What has happened
The divergence between US and European equities seen last week, continued into Monday’s session with Europe making gains whist the US equity market fell. In terms of main catalysts, European equities, which have been more exposed to the Ukraine crisis, rose on hopes of a ceasefire agreement between Russia and Ukraine. US equities meanwhile felt the pressure from the upcoming Fed meeting and a growing concern that the central bank’s hawkish message will be bolstered by the recent inflation data and the inflationary impact of the Ukraine conflict and subsequent sanctions.
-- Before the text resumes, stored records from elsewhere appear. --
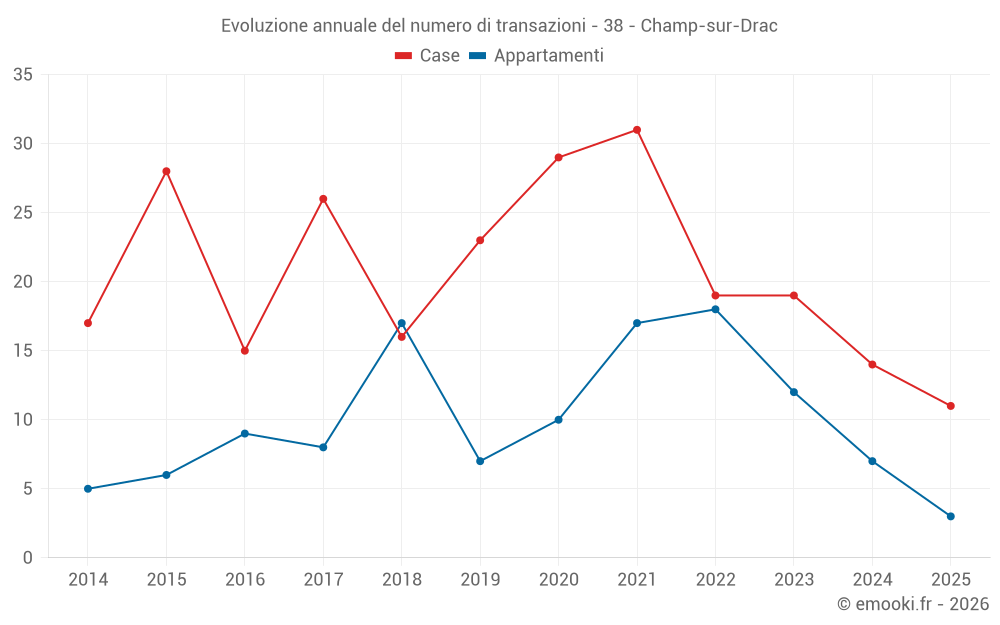 Il prezzo mediano sulle 19 transazioni di case degli ultimi 12 mesi nel comune di Champ-sur-Drac era di 3 027 € al metro quadrato per un valore patrimoniale mediano di 273 900 €. In questo periodo il 60% delle transazioni era tra 2 273 e 3 553 € al metro quadrato (dal 2° all'8° decile).
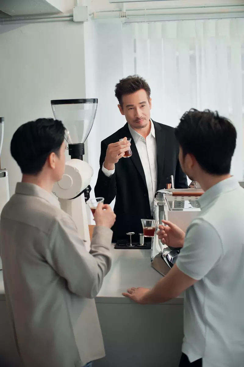 鏡頭外的陳豪(Moses),觀眾覺得他是「型男」外,也會認定他是「咖啡」狂熱份子!近日Moses為男士服裝品牌DETERMINANT Premium Series白恤衫拍攝新一輯廣告,還將日常傾生意的情境搬上大銀幕,展現他追求極緻的一面!
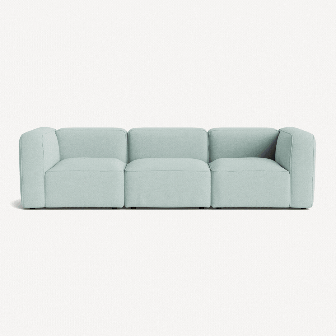 Wie soll das Sofa zusammengestellt werden? Möchtest du selbst bauen, oder passt eine Standardzusammenstellung in dein Zuhause? Mit dem Modulbaukasten kannst du bequem verschiedene Lösungen online ausprobieren. Wähle aus 17 verschiedenen Modulen.

Following a fourth day of negotiations, negotiators from both sides have gone away to assess next steps in the process. The more positive tone from Sunday continued yesterday with both sides constructive about the possibility of an agreement in the short term. Oil and natural gas prices quickly reflected this more positive outlook with a huge fall yesterday which has continued into today with WTI now below $100/barrel for the first time since the 1st March.
The volatility has continued within the bond market as investors position for a hawkish narrative from the Federal Reserve this week. The market is now pricing in 7 full 25bp Fed hikes over the course of 2022, which is more than was priced in before the Ukraine war began. With the ECB prioritising inflation over geopolitical risk last week, there is a growing expectation that the Fed will note the tail rises of the Ukraine crisis but stress its impact on inflationary pressures primarily. US risk assets reflected this concern yesterday with rates sensitive technology equities underperforming the broader US index. The Treasury curve actually steepened slightly yesterday despite the move higher in rate expectations, this suggests that financial markets expect the US economy to have more resilience in the face of tighter policy based on recent strong data such as the unemployment report.
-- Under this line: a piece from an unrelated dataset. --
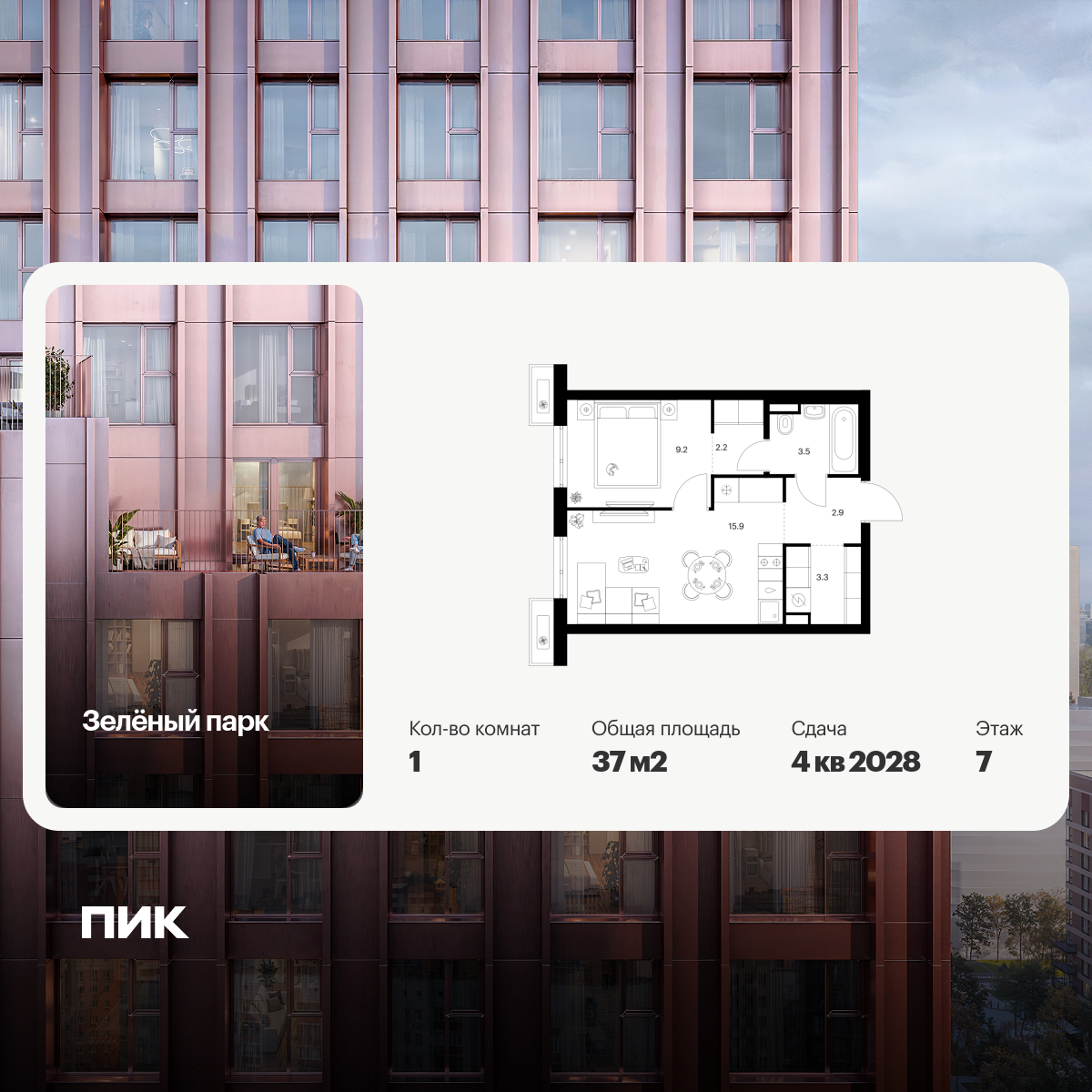 Купить 1к квартиру 37 м² в ЖК Зелёный Парк

What does Brooks Macdonald think
As hope builds around a possible resolution in Ukraine, markets quickly shift back to the interest rate hike narrative that dominated at the start of 2022. The Treasury US 10-year yield is now back above 2.1%, erasing the moves lower which were seen during the height of the conflict. When geopolitical fears were at their peak, investors dampened interest rate expectations which in turn kept equity market volatility under control. Should the Fed suggest that it is prioritising inflation over geopolitics, this could remove this release valve and increase future volatility if the Ukraine situation worsens again.